On Fri, 26 Aug 2005, Dick St.Peters wrote:
Forwarding is NOT "technically wrong." How to do it is described in
RFC 1123, which says that except for the envelope RCPT TO address, the
envelope is unchanged.
If you want it to *become* technically wrong, start an RFC process to
make it so. Until you succeed in getting that RFC accepted, please
stop misrepresenting what is valid now.
Amen. And sender rewriting is not required to properly check SPF.
All this is required is knowing who your forwarders are (admittedly, not
an easy task for some recipients) and listing them for your SPF
checker. Just as SPF senders need to know who their senders are
and list them. If you can't find all your forwarders, then don't
reject on SPF (and just use the results for statistical filtering).
It's so simple. But so many SPF checkers get it wrong. Instead
of arguing about whether SPF "breaks" forwarding (by requiring
a list of forwarders to check SPF) - why don't we provide clear
instructions for various SPF checkers on how to list forwarders?
People implementing SPF for the first time need to at the very
least be aware of the requirement. All the rhetoric about
"breaking" doesn't convey the fact that they NEED TO DO SOMETHING
about forwarders - list them.

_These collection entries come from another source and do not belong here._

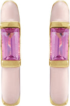 14K Yellow Natural Pink Tourmaline & Pink Enamel Hinged 11 mm Hoop Earrings
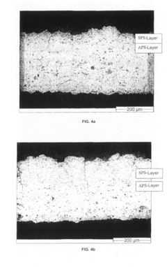 - Combining Atmospheric Plasma Spraying (APS) and Suspension Plasma Spraying (SPS) methods to create multi-layer thermal barrier coatings with improved microstructures and properties, such as increased porosity and reflectivity, reducing thermal conductivity and mechanical instability, while maintaining mechanical stability.
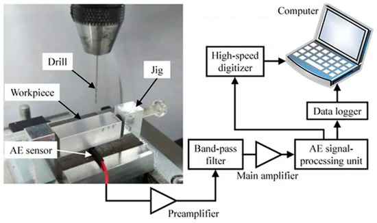 - Hase, A. In Situ Measurement of the Machining State in Small-Diameter Drilling by Acoustic Emission Sensing. Coatings 2024, 14, 193. [Google Scholar] [CrossRef]
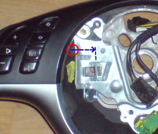 Demontering av airbag. Mejsel förs in genom "gummihålet" på baksidan av ratten igenom det röda hålet på bilden. Mejseln, (blå pil) trycker fjädern (svart linje) inåt centrum. Håll mejseln med plattsidan uppåt, så du får så bred ytan av den som möjligt mot fjädern.
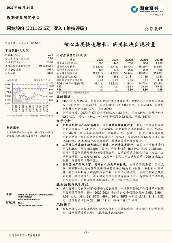 我们看好公司在注射穿刺领域的发展前景,未来医用器械产品还将不断拓展品类及使用场景。预计2022-2024年公司归母净利润分别为2.05、2.99、4.06亿元,同比增长57%、46%、36%,EPS分别为2.18、3.18、4.32元,现价对应PE为38、26、19倍,维持“买入”评级。

Or don't reject. Their choice.
About the most holy RFC 1123. With that regime, any bozo anywhere in the world
can start forwarding stuff to me without my asking them too. And they
do. It is a *feature* of SPF that those bozos get rejected.
If I really did ask them to forward stuff to me, I'll list them.
--
Stuart D. Gathman <stuart(_at_)bmsi(_dot_)com>
Business Management Systems Inc. Phone: 703 591-0911 Fax: 703 591-6154
"Confutatis maledictis, flamis acribus addictis" - background song for
a Microsoft sponsored "Where do you want to go from here?" commercial.